Just finished reading Anne Zimmerman's An Extravagant Hunger: The Passionate Years of M.F.K. Fisher (Berkeley: Counterpoint, 2011). Fisher was one of the first Americans to write articles and books about food that inspired the culture of food we know today. She created the idea of the food writer and Zimmerman tries to trace her life using her writing and archival details discovered among letters between Fisher, her family and friends. Sadly, Fisher the subject is more interesting than Zimmerman's study which reaches too far, too often. While Fisher wrote about her life and her love of food there are too often silences and gaps in her life that cannot be filed with Zimmerman's interpretation and psychology.  

After finishing Zimmerman's book I began William Benemann's Men in Eden: William Drummond Stewart and same-sex desire in the Rocky Mountain fur trade (Lincoln: University of Nebraska Press, 2012). Benemann has written a biography of one of those fascinating 19th-century individuals who draw historians to stories. Born to a Scottish noble family he made his way to America and was enthralled by the world of trappers and mountain men on the Rocky Mountain frontiers. Individuals like Stewart are fascinating subjects, but writing about them is tricky. It is too easy to replicate their ideas about frontiers and Native-Americans in popular history. Benemann not only wants to recover Stewart's life but to claim him as a 19th-century homosexual man. As Michel Foucault and Carol Smith-Rosenberg have warned it is always dangerous to read history backwards and to see homosexual culture in periods before homosexual identity developed. 

Benemann while sensitive to his sources wants desperately to see homosexuality and same-sex desire in his biography of Stewart. This makes for enjoyable reading as popular history but forces Benemann to mine his sources in ways that are not always comfortable. There are lots of discussions about dress and deportment as indicators of sexuality, that at times reach too far.

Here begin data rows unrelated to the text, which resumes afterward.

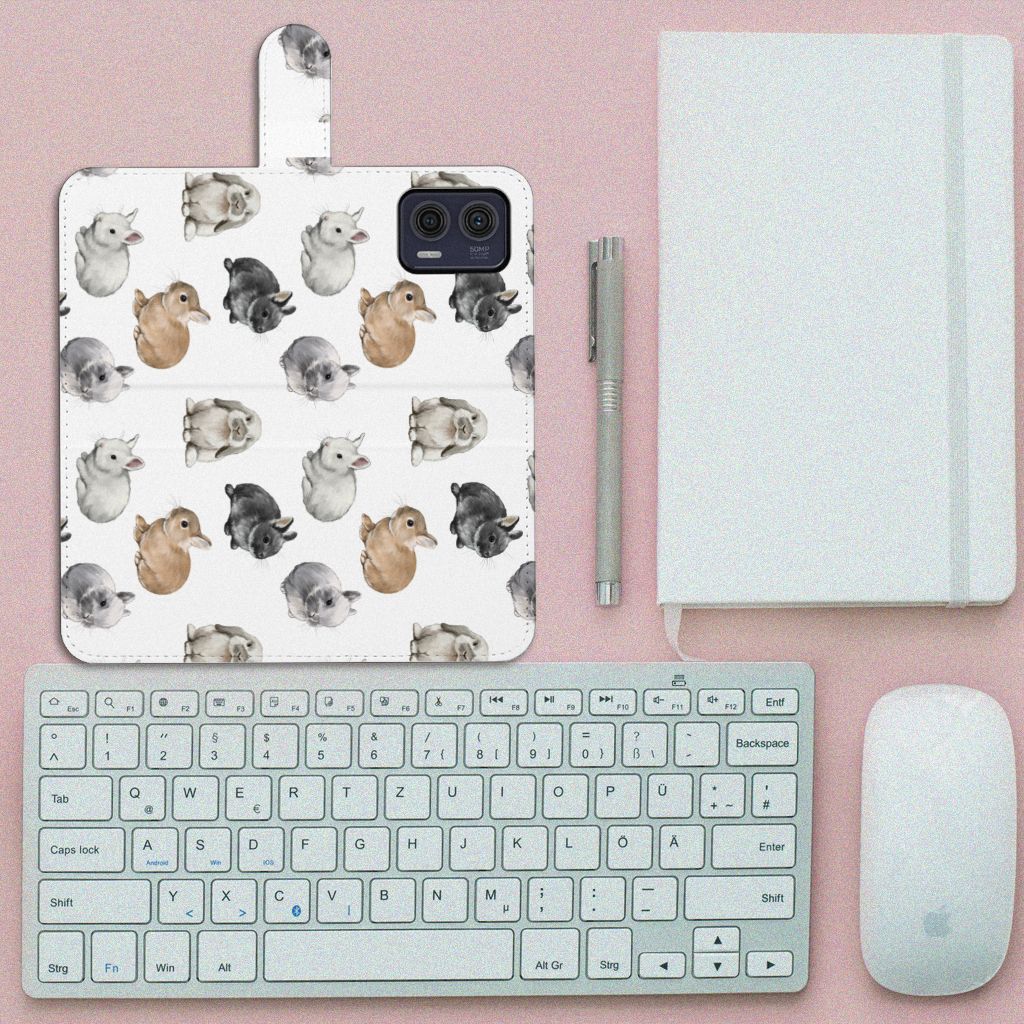 Telefoonhoesje met Pasjes voor Motorola Moto G73 Konijntjes
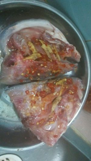 买回鱼头洗好,放盐,姜,自炸蒜米
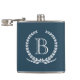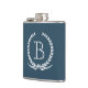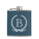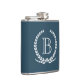 Diseño monograma con decoración de plumas de laurel sobre fondo azul
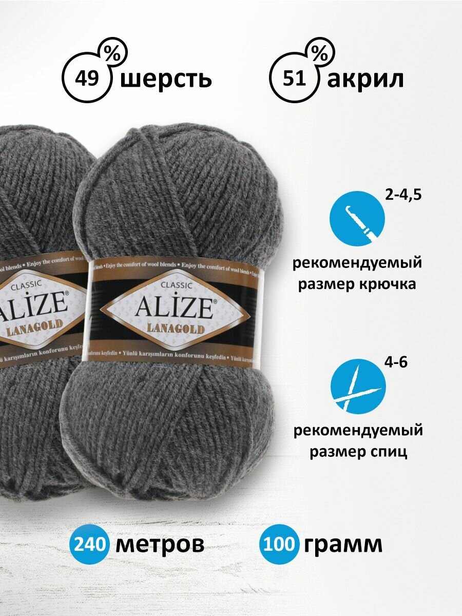 Пряжа Alize Lanagold Темно-серый (348) 2 мотка 100 г/240 м (49% шерсть, 51% акрил) ализе ланаголд
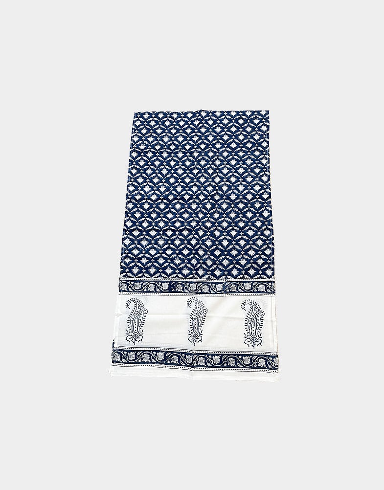 Elegant navy blue block printed cotton scarf
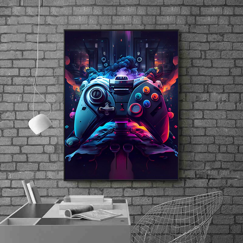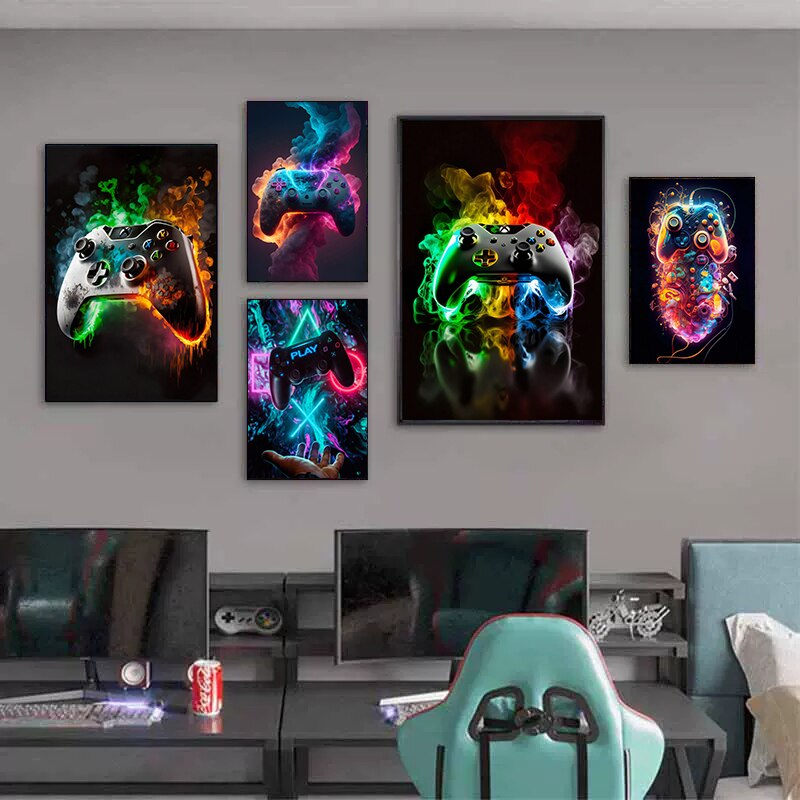 Product Name:Video Game PS Controller Headphone Poster Canvas Painting Watercolor Abstract Wall Art For Gamer Room Home Decoration No LED
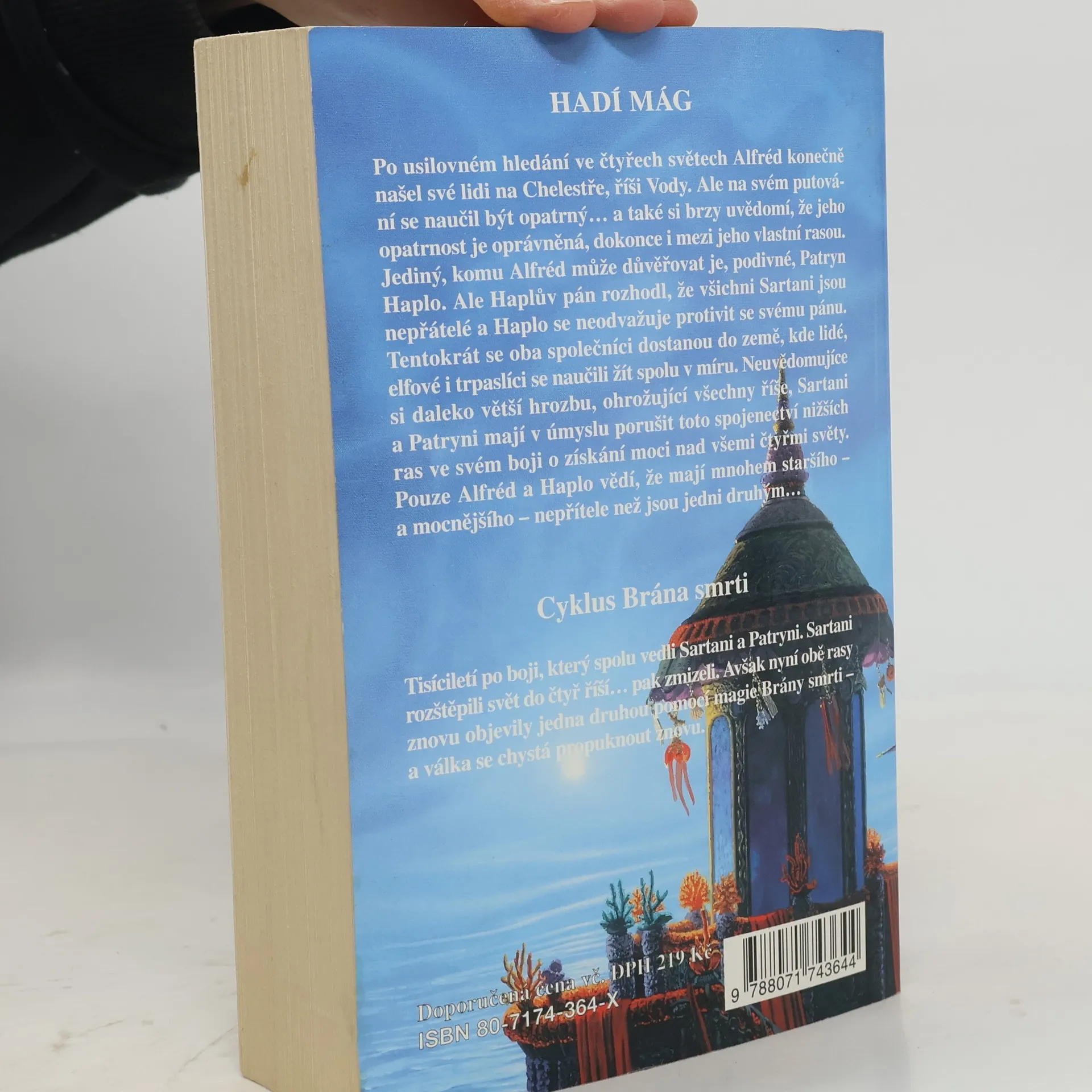 série: Brána smrti díl v sérii: 4 Po usilovném hledání ve čtyřech světech Alfréd konečně našel své lidi na Chelestře, říši Vody. Ale na svém putování se naučil být opatrný… a také si brzy uvědomí, že jeho opatrnost je oprávněná, dokonce i mezi jeho vlastní rasou. Jediný, komu Alfréd může důvěřovat je Patryn Haplo. Ale Haplův pán rozhodl, že všichni Sartani jsou nepřátelé a Haplo se neodvažuje protivit se svému pánu. Tentokrát se oba společníci dostanou do země, kde se lidé, elfové i trpaslíci naučili žít spolu v míru. Neuvědomujíce si daleko větší hrozbu, ohrožující všechny říše, Sartani a Patryni mají v úmyslu porušit toto spojenectví nižších ras ve svém boji o získání moci nad všemi čtyřmi světy. Pouze Alfréd a Haplo vědí, že mají mnohem staršího – a mocnějšího – nepřítele než jsou jedni druhým…

At the same time Benemann used Stewart's fiction as sources again for questions that are hard to answer. This allows him to see same-sex desire and a community of individuals engaged in such behaviour everywhere. 

It is a fascinating book, especially Benemann's discussions of the trapper gatherings, but the pace and style of the writing is filled with too many characters that are never fully realized as Benemann tries to make his case for Stewart's sexuality.